[Bioclusters] cluster hardware question

Duzlevski, Ognen bioclusters@bioinformatics.org
Thu, 16 Jan 2003 09:34:15 -0600 (CST)

Chris, you gave me enough information to digest for the next hour :).
Thank you very much, also Jeff and Joe!


On Thu, 16 Jan 2003, Chris Dagdigian wrote:

> Duzlevski, Ognen wrote:
> > Hi Joe,
> >
> > thanks for sharing your knowledge with me.
> >
> >
> >>Often overlooked in clusters until too late is Disk and IO in general.
> >>Chris Dagdigian at BioTeam.net is a good person to speak to about this.
> >
> >
> > When you say "Disk and IO", do you mean storage over fiber, local node
> > hard-drives...? What would be good choices for your typical bioinformatics
> > shop - I have seen options between local nodes having the latest SCSI
> > drives and nodes having the regular 5400 rpm ide drives.

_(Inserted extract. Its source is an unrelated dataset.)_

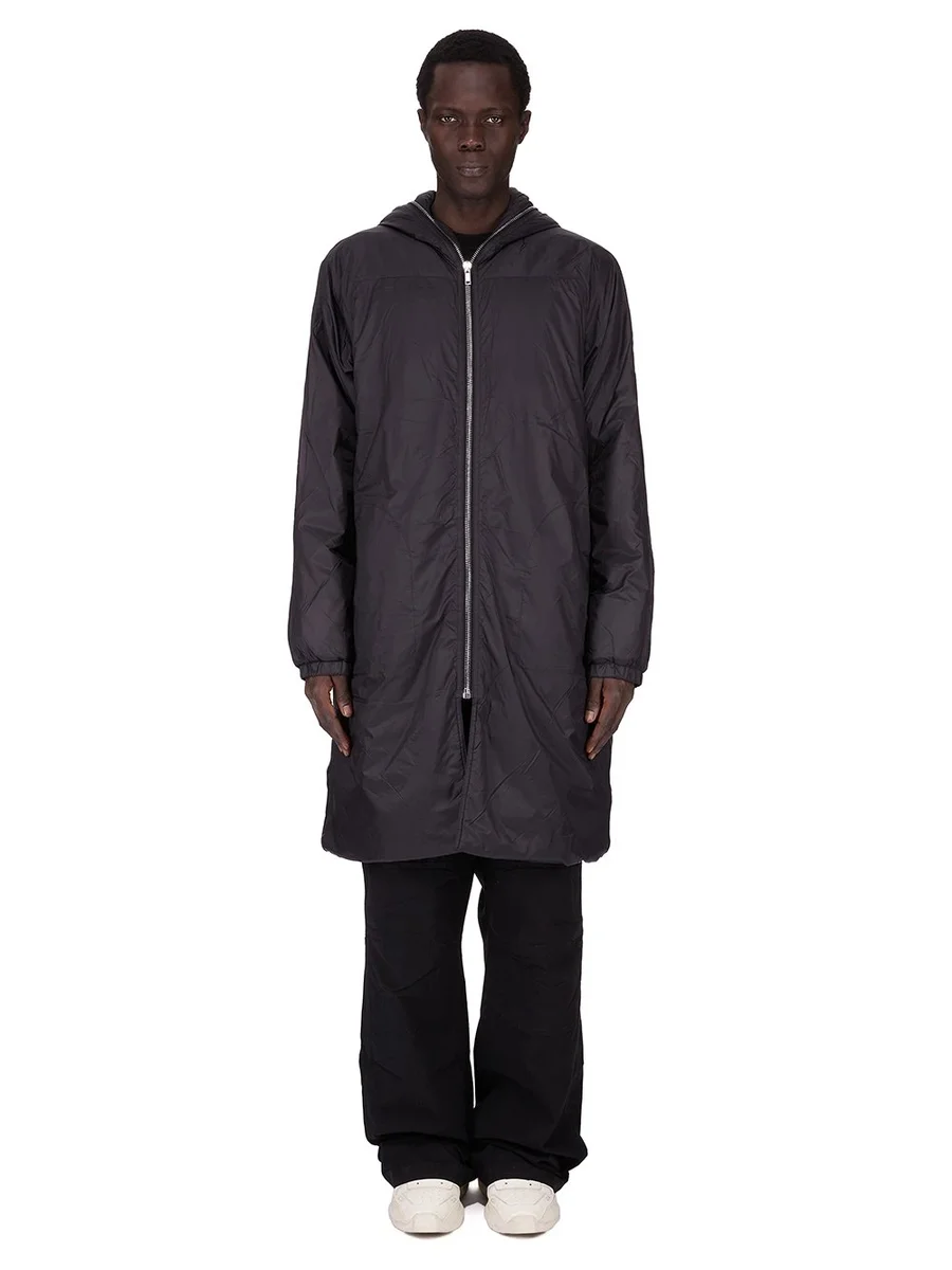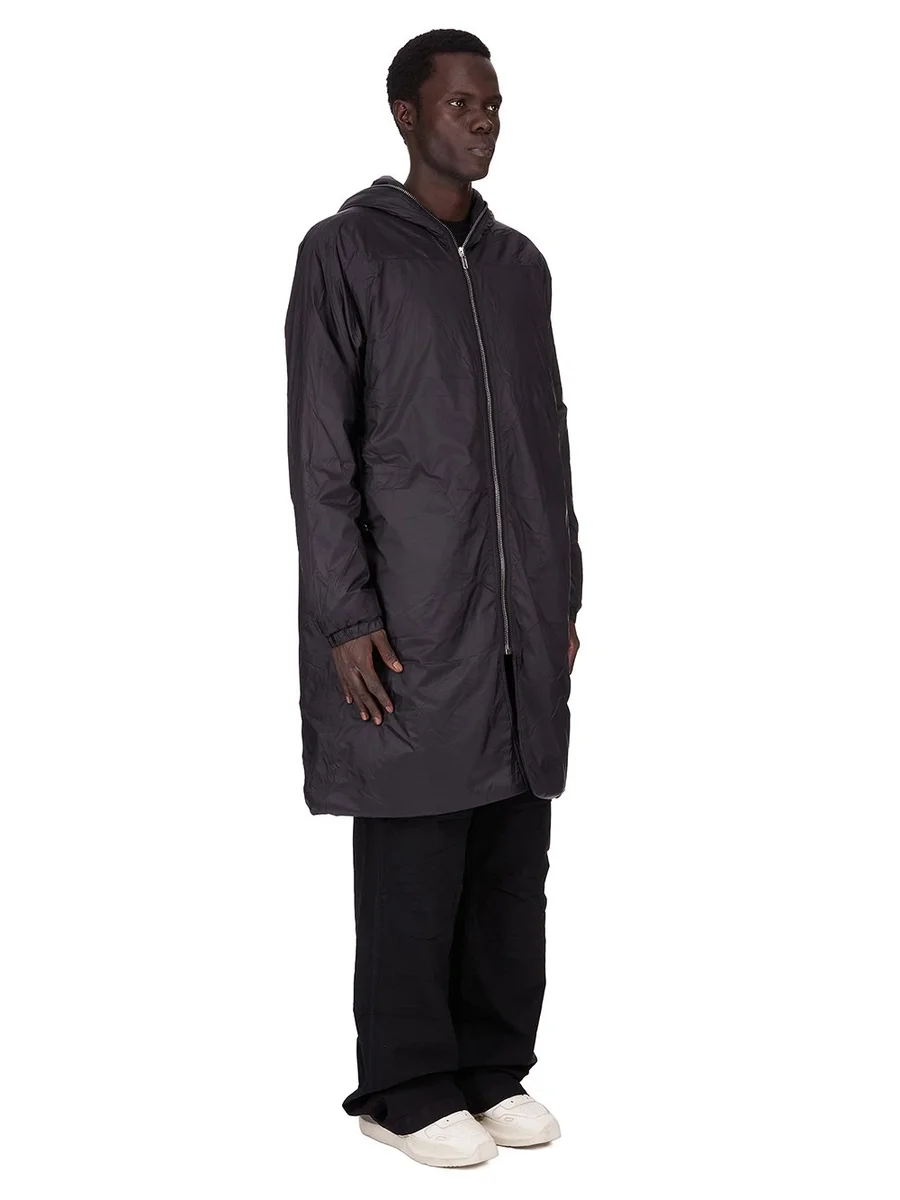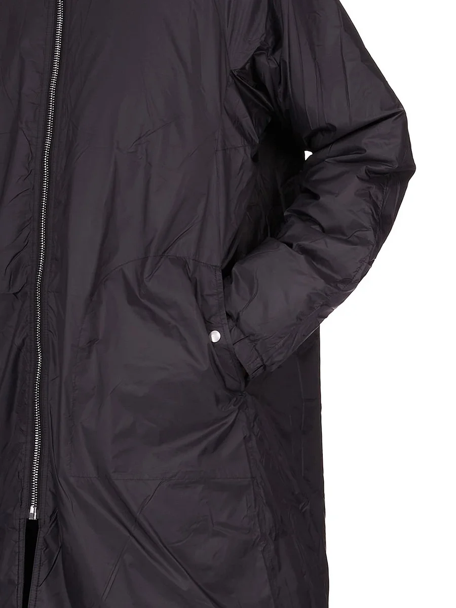 DENNA FÖRSLUTEN VINDJACKA ÄR KNÄLÅNG MED LÅNGA ÄRMAR. DEN HAR EN DRAGKEDJA I MITTFRAM SOM LÖPER UPP OCH RUNT HUVAN, SÅ ATT DEN KAN STÄNGAS HELT ÖVER ANSIKTET. DEN HAR TVÅ STORA SIDFICKOR FRAM MED RUNDADE KNÄPPSÖMNINGAR OCH SYNLIG KNÄPPKNÄPPNING, TYPISKT MITTSÖMM FRÄM SAMT RESÅR I MUDDEN OCH FÅLL. DENNA VERSION ÄR VADDRADE OCH HAR INRE KNÄPPFICKOR.

Does it pay to go
> > with compute node SCSI 10000 rpm or is a 7200 rpm ide good enough?
> >
> The biggest performance bottleneck in 'bioclusters' is usually disk I/O
> throughput. Bio people tend to do lots of things that involve streaming
> massive text and binary files through the CPU and RAM (think running a
> blast search). The speed of your storage becomes the rate limiting
> performance bottleneck. Often there will be terabytes of this sort of
> data laying around so the "/data" volume is usually a NFS mount.
> If disk I/O is not your bottleneck than memory speed and size will
> likely be next bottleneck. Some applications like blast and sequence
> clustering algorithims will always be better off with as much physical
> RAM as you can cram into a box. Other applications are rate-limited by
> memory access speeds which is why Joe recommends fast DDR memory for
> users who need high mem performance.
> Our problem in the life sciences is that we have terabyte volumes of
> data the needs to be kept laying around for recurring analysis. Far too
> much data to keep on local storage within a cluster node unless you have
> some sort of HSM mechanism. What people often end up doing is storing
> all that data on a NAS or SAN infrastructure.

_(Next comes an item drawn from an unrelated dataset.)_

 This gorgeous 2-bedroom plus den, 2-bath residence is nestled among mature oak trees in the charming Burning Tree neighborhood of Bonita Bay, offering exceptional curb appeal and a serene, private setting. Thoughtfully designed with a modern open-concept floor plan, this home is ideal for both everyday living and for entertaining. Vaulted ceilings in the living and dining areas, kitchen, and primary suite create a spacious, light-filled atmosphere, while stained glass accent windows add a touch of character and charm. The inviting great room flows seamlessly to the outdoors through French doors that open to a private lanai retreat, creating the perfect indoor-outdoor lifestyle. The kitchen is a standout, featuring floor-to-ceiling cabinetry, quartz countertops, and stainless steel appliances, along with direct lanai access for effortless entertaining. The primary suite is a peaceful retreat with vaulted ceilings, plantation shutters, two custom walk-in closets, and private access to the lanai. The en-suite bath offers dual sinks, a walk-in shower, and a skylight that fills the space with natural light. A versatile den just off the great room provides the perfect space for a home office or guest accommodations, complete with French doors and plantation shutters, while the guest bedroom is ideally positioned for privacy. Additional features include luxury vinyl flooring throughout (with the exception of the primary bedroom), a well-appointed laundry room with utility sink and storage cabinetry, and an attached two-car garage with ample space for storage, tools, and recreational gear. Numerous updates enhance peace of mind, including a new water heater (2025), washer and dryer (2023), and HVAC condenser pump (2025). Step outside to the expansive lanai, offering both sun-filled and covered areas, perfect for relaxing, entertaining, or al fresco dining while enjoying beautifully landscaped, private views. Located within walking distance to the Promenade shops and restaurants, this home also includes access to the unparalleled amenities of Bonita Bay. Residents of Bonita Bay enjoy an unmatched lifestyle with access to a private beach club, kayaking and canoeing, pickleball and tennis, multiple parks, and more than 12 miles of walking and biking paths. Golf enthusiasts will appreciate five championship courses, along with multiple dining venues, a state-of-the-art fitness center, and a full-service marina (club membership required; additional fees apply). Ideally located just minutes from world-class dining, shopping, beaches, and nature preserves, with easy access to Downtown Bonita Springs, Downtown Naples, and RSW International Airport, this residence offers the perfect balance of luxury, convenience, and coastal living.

> Searching blast databases across an NFS mount is not a high throughput
> solution :) Even a $280,000 Network appliance high-end NAS filer with
> multiple trunked gigabit NICs doing the NFS fileservices will get
> swamped when enough cheap linux boxes are doing large sequential reads
> across the link.
> General rule of thumb: no matter how big, fast and expensive the storage
> solution is you will always be able to drive it to its knees with enough
> cheap cluster nodes hitting it. This is something that has to be lived
> with.
> There are faster solutions out there but they get expensive (think
> having to run switched fibre channel to every cluster node) and are
> often very proprietary. People in the 'super fast' storage space
> include: DataDirect, BlueArc, Panasas, etc. etc.

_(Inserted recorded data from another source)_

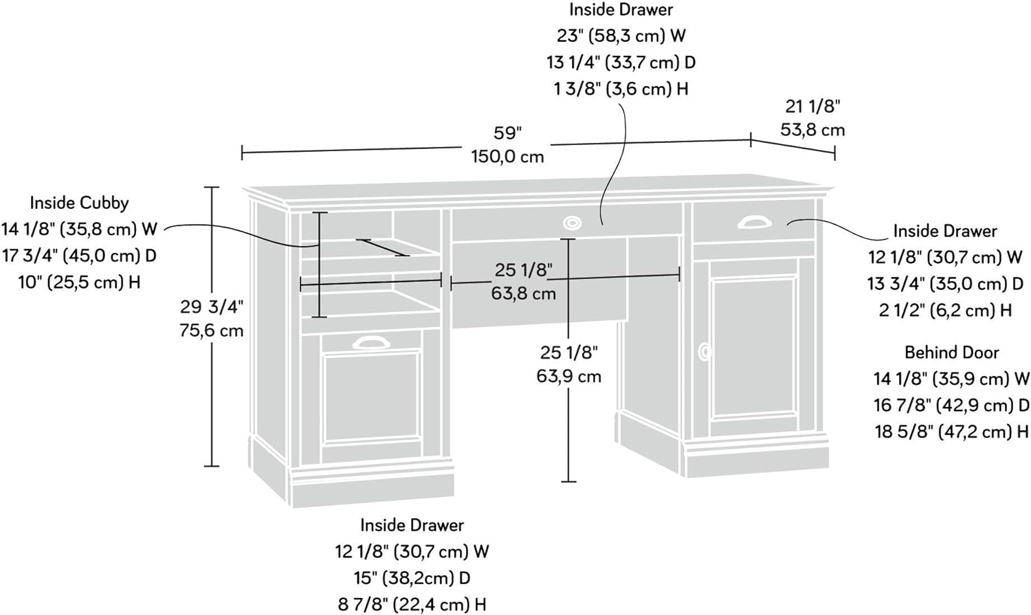 Looking for a little inspiration when it comes to working on your big projects and papers? We’ve got you covered! Find motivation and more When you add beauty and charm to your home office or work space with this executive desk from the barrister lane collection. Its spacious top surface provides you with room for ALL YOUR must-have desk essentials – laptop, cup full of pens, collection of notepads and even a lamp! The Pencil drawer and small storage drawer both open and close on smooth metal runners for easy access storage of miscellaneous office supplies. It also features open storage that includes an adjustable shelf that you can move to different heights to create flexible storage options for items of all sizes. Behind the framed panel door is a hidden storage area that includes an additional adjustable shelf for you to store items that you prefer stay out of sight. Its large file drawer with full extension slides holds letter-size hanging files so you can keep your important papers organized. Finished on all sides in a rustic salt Oak, this executive desk is just what your office needs. Quick and easy assembly with patented T-lock drawer system.
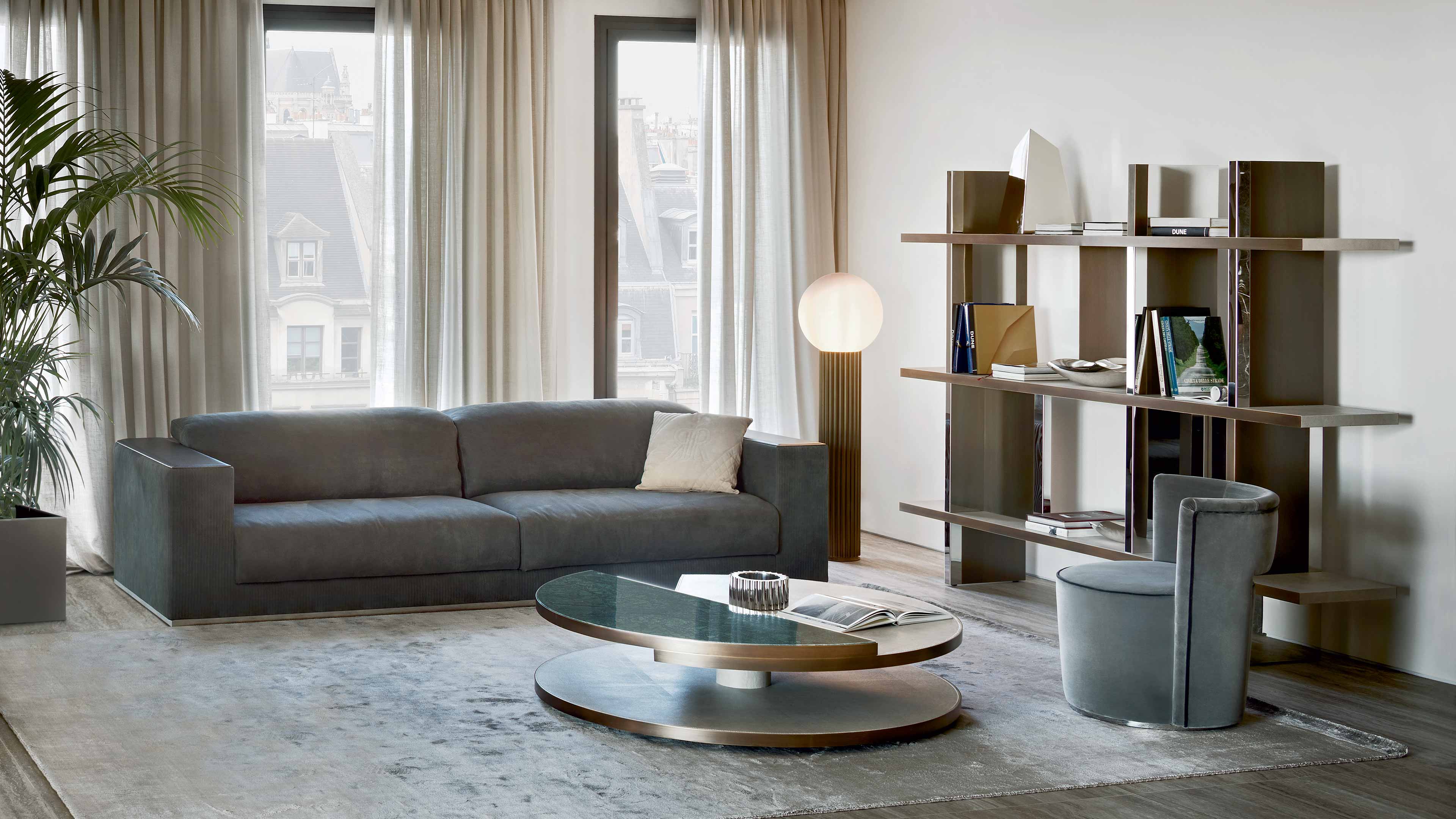 A bold marble with fluid green and grey layering. It transforms the table top into a dynamic natural element of high decorative value.
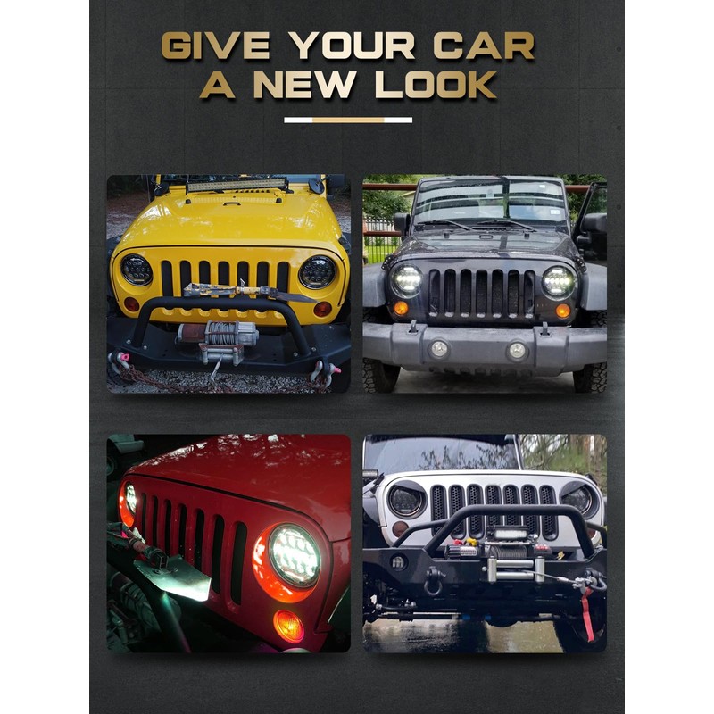 Vehicle Service Type:The 7 Inch LED Headlights are compatible with Jeep Wrangler TJ 1997-2006;compatible with Jeep Wrangler LJ Unlimited 2004-2006;compatible with Jeep Wrangler JK JKU 2 & 4 Doors 2007-2017;compatible with1976-1986 CJ-7, 1981-1985 CJ-8 Scrambler,replace for #6024,6014,H6024,H6014 and all vehicles with 7" round headlights
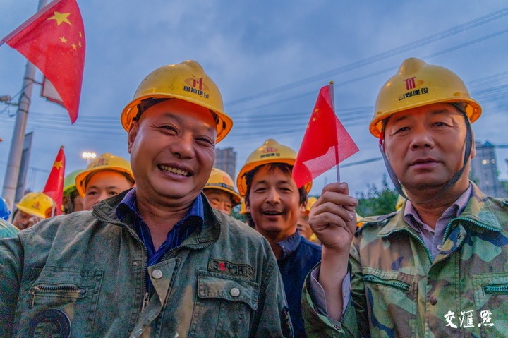 10月1日,泰州市姜堰区花园路一安居房施工工地,坚持节日加班的工人们施工前与国旗合影,以特别的方法庆祝新中国成立75周年。许大才 林露 摄
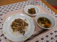 ☆献立豚すき丼牛乳ワンタンスープみかん

> This is generally how I would approach storage for a medium to
> large-scale cluster:
> (1) purchase 500-gigs or a terabyte or so of cheap ATA RAID configured
> as a NAS appliance. It should have a gigE connection to your cluster and
> possibly a 100-TX connection to the organizational LAN. Treat this as
> "scratch" space where you store temporary files and do things like
> download and build your blast/hmmer databases. There are lots of things
> that biologists and informatics types do that require lots of space but
> don't really need high-availibility or high-performance.  One of my
> personal pet peeves is using really expensive high-end storage arrays to
> store (wastefully) lots of low or no-value data and temporary files.
> You would not believe the crap that some companies store on
> multi-million dollar EMC storage arrays or really expensive high-end SAN
> infrastructures :)
> (2) purchase the 'real' NAS storage solution for your cluster. I prefer
> NAS to SAN for my clusters because I really need shared concurrent
> read/write access to the same volume of data and getting this done via
> SANs is really expensive and painful. I'd rather engineer around NAS/NFS
> performance issues than deal with 60+ machines needing shared read/write
> access to the same SAN volume across a switched FC fabric. Nasty.
> Particularly in a hetergenous OS environment.
> Your NAS system can be totally configured to fit your scale and your
> budget. For small clusters this could just be a few hundred gigs of Dell
> Powervault SCSI or fibrechannel RAID or perhaps a terabyte of NexSan
> ATA-RAID chassis SCSI attached to a linux box that acts as NFS
> fileserver.  NexSan makes high quality ATA RAID shelves with nice
> features (hot-swap, SCSI or FC interface, etc. etc.) for about $12-15K
> per terabyte. On the high end you can pay six figures or more depending
> on speed, size, scaling potential and backup abilities.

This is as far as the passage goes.